Print the listing as it stands, omitting all images.

----- Input data

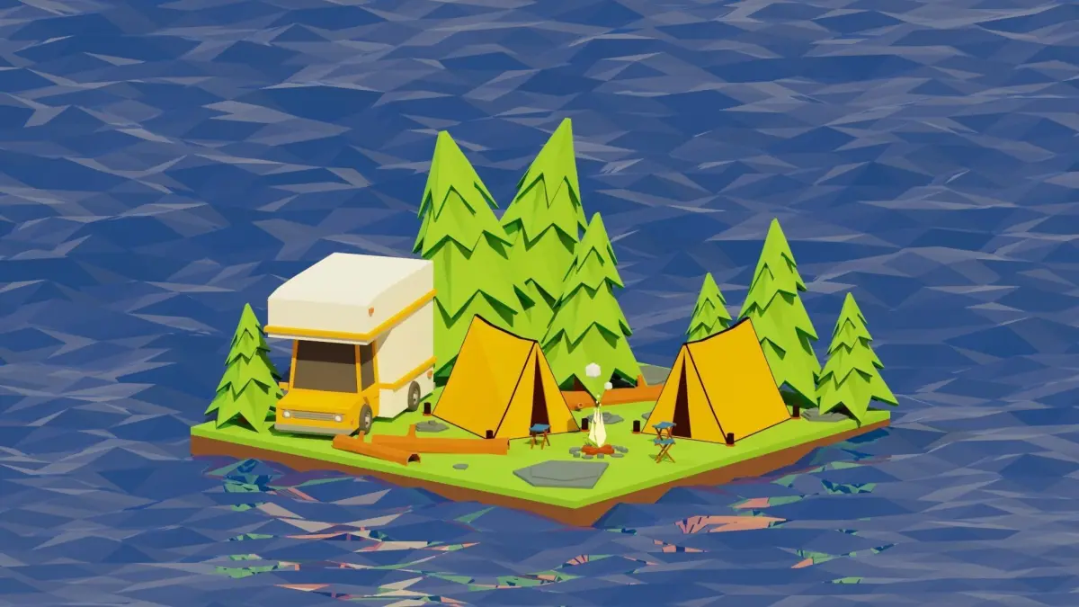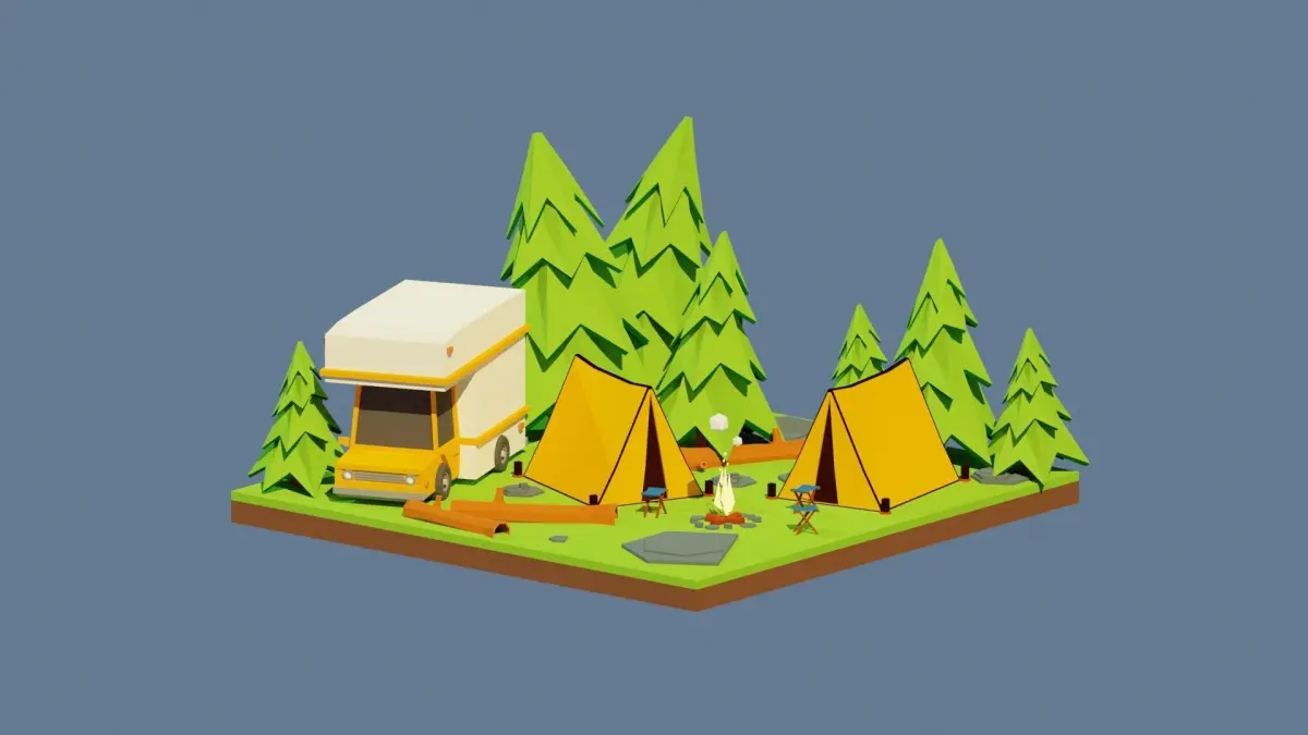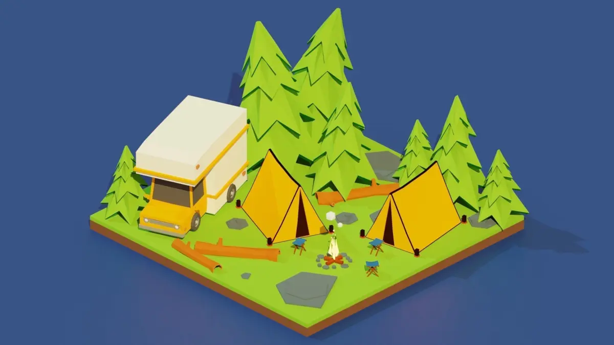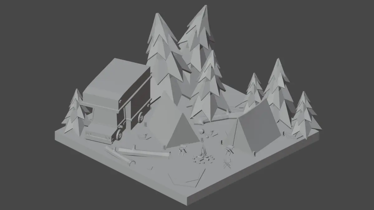Scene made up of triangles and quads, in a lowpoly style.
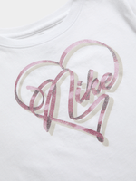 The Nike Girls Kids White Graphic T-Shirt is made of a comfortable cotton polyester blend. This stylish tee features a bold white swoosh on pointe graphic. Perfect for everyday wear, it's a versatile addition to any wardrobe. Stand out in style with this trendy Nike shirt! Supplier style: 36N146-001/001
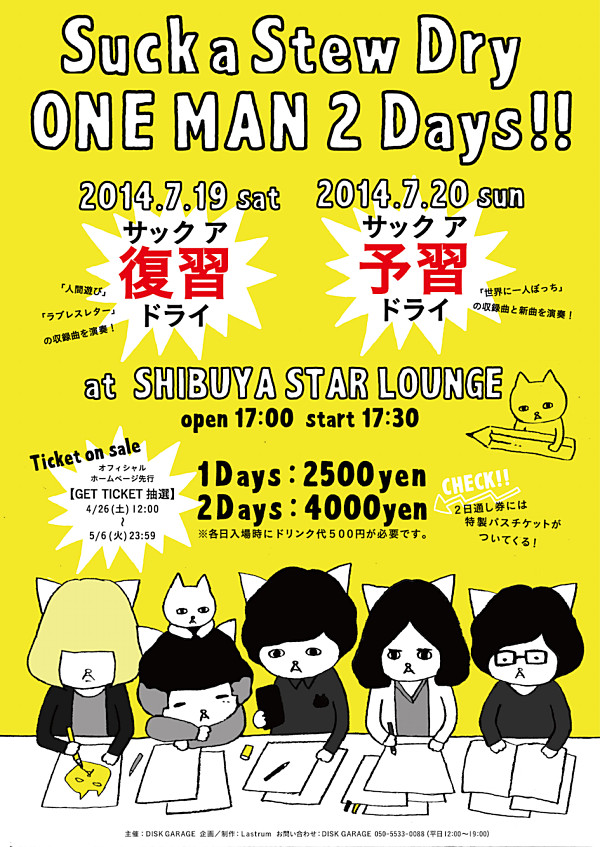 メンバーのシノヤマコウセイ(Vo)は、ワンマンについて「この度、Suck a Stew Dryが2daysワンマンという無謀な(と言うほどでもない)イベントを開催することになりました。今までの曲からこれからの曲まで、全曲やりますので、良かったら最後まで楽しんで頂きたいです。良くなかったら、いいです。よろしくお願いします。」とコメントを寄せている。
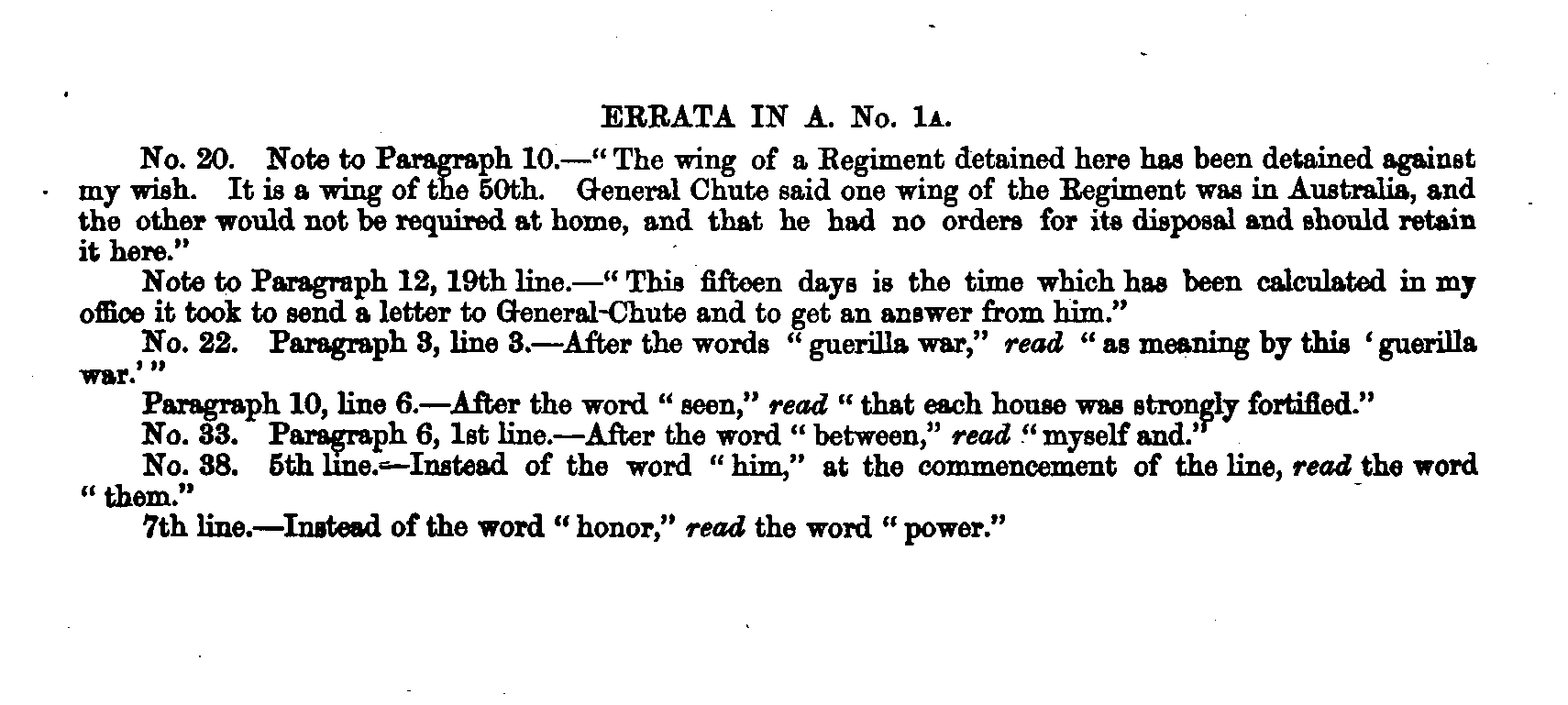 No. 20. Note to Paragraph 10. —" Tho wing of a Begiment detained here ha9 been detained against my wish. It is a wing of the 50th. General Chute said one wing of the Begiment was in Australia, and the other would not be required at home, and that he had no orders for its disposal and should retain it here." Note to Paragraph 12, 19th line.—" This fifteen days is the time which has been calculated in my office it took to send a letter to General-Chute and to get an answer from him." No. 22. Paragraph 3, line 3.—After the words " guerilla war," read, "as meaning by this ' guerilla war.'" Paragraph 10, line 6.—After the word " seen," read " that each house was strongly fortified." No. 33. Paragraph 6, Ist line.—After the word " between," read " myself and." No. 38. 6th line. —Instead of the word " him," at the commencement of the line, read the word " them." 7th line. —Instead of the word " honor," read the word " power."
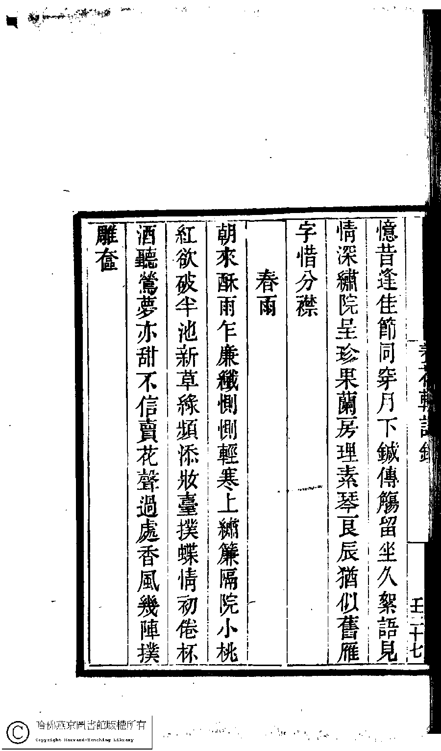 | Appears in: Guo chao gui ge shi chao: 100 zhong 100 juan (edited by Cai Dianqi, Qing dynasty): Yang hua xuan shi chao: 1 juan |
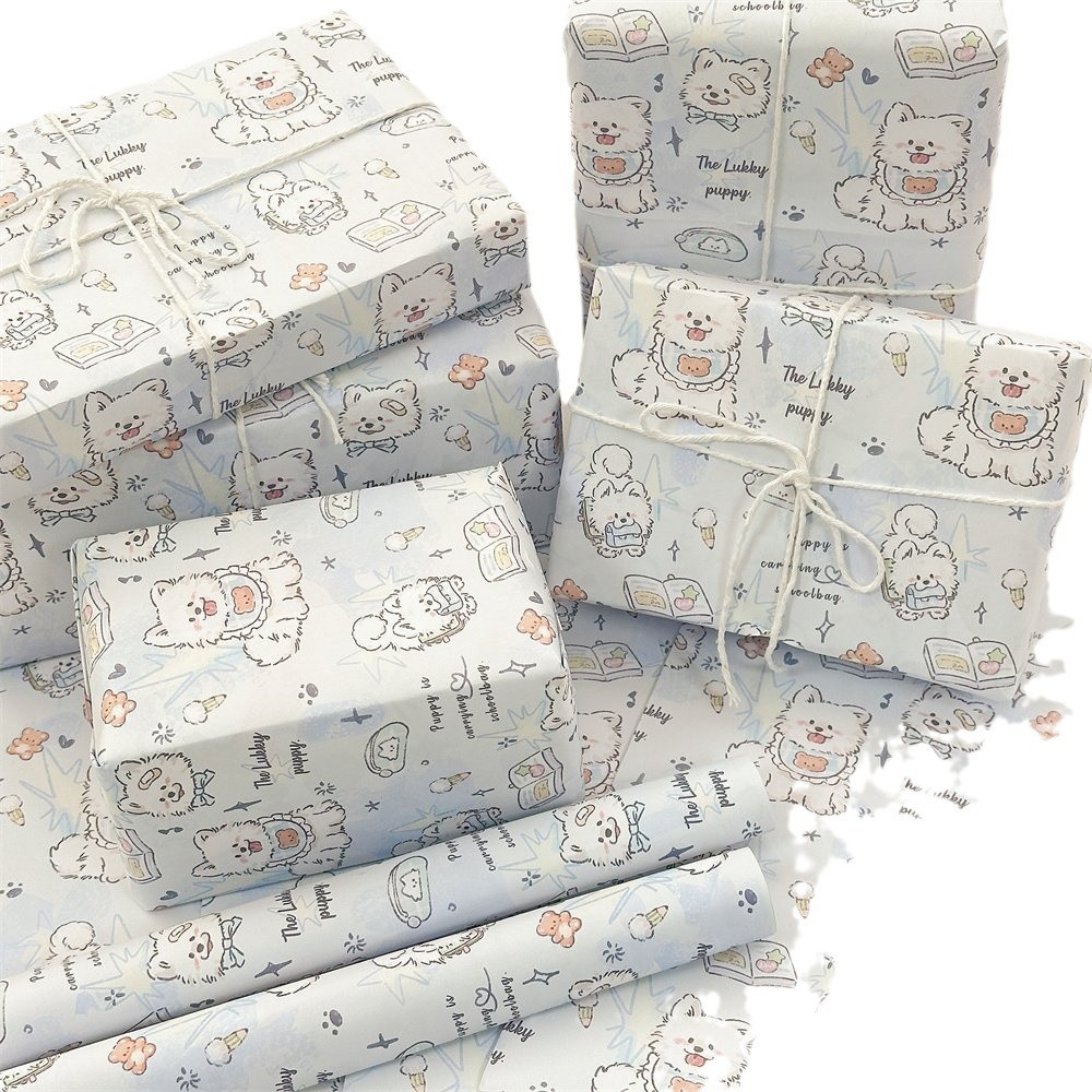 Упаковочная бумага Love Sanrio; Бумага для упаковки самойских собак; Бумага для упаковки щенок с синим граффити; Желтая упаковочная бумага для щенков с граффити; Бумага для упаковки граффити Кт; Зеленая и белая бумага для каллиграфии в древнем стиле; Бумага для упаковки каллиграфии в древнем стиле мертвого листа; Бумага для упаковки щенков Line; 1 рулон соответствующей пеньковой веревки; Соответствующий двусторонний скотч 1 шт.

----------

Answer space →
Scene made up of triangles and quads, in a lowpoly style.
 The Nike Girls Kids White Graphic T-Shirt is made of a comfortable cotton polyester blend. This stylish tee features a bold white swoosh on pointe graphic. Perfect for everyday wear, it's a versatile addition to any wardrobe. Stand out in style with this trendy Nike shirt! Supplier style: 36N146-001/001
 メンバーのシノヤマコウセイ(Vo)は、ワンマンについて「この度、Suck a Stew Dryが2daysワンマンという無謀な(と言うほどでもない)イベントを開催することになりました。今までの曲からこれからの曲まで、全曲やりますので、良かったら最後まで楽しんで頂きたいです。良くなかったら、いいです。よろしくお願いします。」とコメントを寄せている。
 No. 20. Note to Paragraph 10. —" Tho wing of a Begiment detained here ha9 been detained against my wish. It is a wing of the 50th. General Chute said one wing of the Begiment was in Australia, and the other would not be required at home, and that he had no orders for its disposal and should retain it here." Note to Paragraph 12, 19th line.—" This fifteen days is the time which has been calculated in my office it took to send a letter to General-Chute and to get an answer from him." No. 22. Paragraph 3, line 3.—After the words " guerilla war," read, "as meaning by this ' guerilla war.'" Paragraph 10, line 6.—After the word " seen," read " that each house was strongly fortified." No. 33. Paragraph 6, Ist line.—After the word " between," read " myself and." No. 38. 6th line. —Instead of the word " him," at the commencement of the line, read the word " them." 7th line. —Instead of the word " honor," read the word " power."
 | Appears in: Guo chao gui ge shi chao: 100 zhong 100 juan (edited by Cai Dianqi, Qing dynasty): Yang hua xuan shi chao: 1 juan |
 Упаковочная бумага Love Sanrio; Бумага для упаковки самойских собак; Бумага для упаковки щенок с синим граффити; Желтая упаковочная бумага для щенков с граффити; Бумага для упаковки граффити Кт; Зеленая и белая бумага для каллиграфии в древнем стиле; Бумага для упаковки каллиграфии в древнем стиле мертвого листа; Бумага для упаковки щенков Line; 1 рулон соответствующей пеньковой веревки; Соответствующий двусторонний скотч 1 шт.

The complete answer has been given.